* [Data excerpts]

= Beginning of Section =

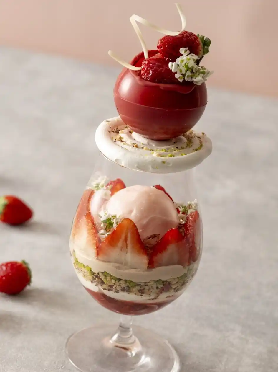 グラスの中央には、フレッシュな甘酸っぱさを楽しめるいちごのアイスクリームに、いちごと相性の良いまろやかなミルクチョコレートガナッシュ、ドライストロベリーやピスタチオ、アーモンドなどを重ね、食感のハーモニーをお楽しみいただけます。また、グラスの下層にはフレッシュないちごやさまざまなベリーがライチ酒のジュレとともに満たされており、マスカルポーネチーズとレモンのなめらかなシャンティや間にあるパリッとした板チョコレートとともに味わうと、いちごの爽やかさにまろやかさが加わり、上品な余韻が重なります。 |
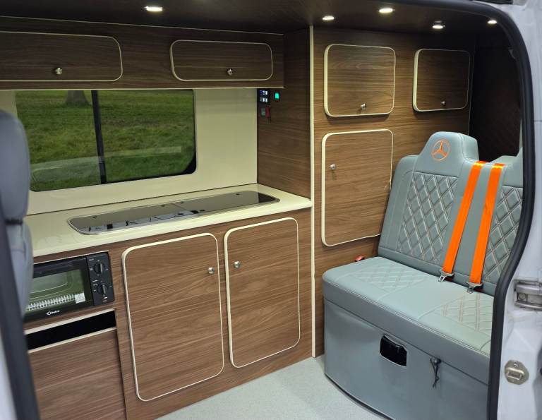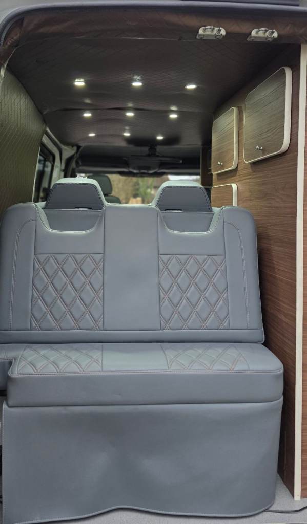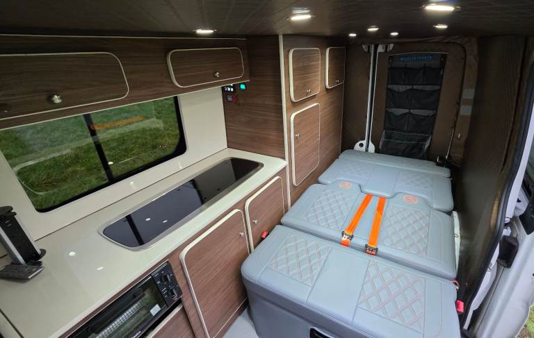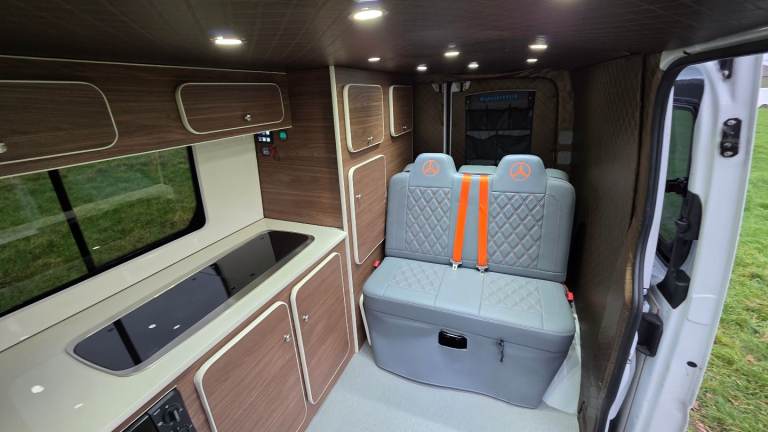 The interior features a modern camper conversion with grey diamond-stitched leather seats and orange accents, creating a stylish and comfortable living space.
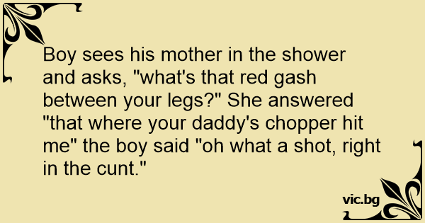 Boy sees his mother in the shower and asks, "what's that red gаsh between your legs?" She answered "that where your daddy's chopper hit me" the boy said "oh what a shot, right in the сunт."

= End of Section =
= Beginning of Section =

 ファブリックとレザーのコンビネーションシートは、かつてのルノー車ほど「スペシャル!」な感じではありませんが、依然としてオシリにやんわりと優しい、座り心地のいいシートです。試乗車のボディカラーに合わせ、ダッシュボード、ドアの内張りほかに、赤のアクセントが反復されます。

= End of Section =

* [Work instruction]
What do the entries above read from the line containing "グラスの中央には、フレッシュ" through the line containing "Boy sees his"? Output those lines exactly, both ends included, with the pictures left out.

* [Exercise answer]
 グラスの中央には、フレッシュな甘酸っぱさを楽しめるいちごのアイスクリームに、いちごと相性の良いまろやかなミルクチョコレートガナッシュ、ドライストロベリーやピスタチオ、アーモンドなどを重ね、食感のハーモニーをお楽しみいただけます。また、グラスの下層にはフレッシュないちごやさまざまなベリーがライチ酒のジュレとともに満たされており、マスカルポーネチーズとレモンのなめらかなシャンティや間にあるパリッとした板チョコレートとともに味わうと、いちごの爽やかさにまろやかさが加わり、上品な余韻が重なります。 |
 The interior features a modern camper conversion with grey diamond-stitched leather seats and orange accents, creating a stylish and comfortable living space.
 Boy sees his mother in the shower and asks, "what's that red gаsh between your legs?" She answered "that where your daddy's chopper hit me" the boy said "oh what a shot, right in the сunт."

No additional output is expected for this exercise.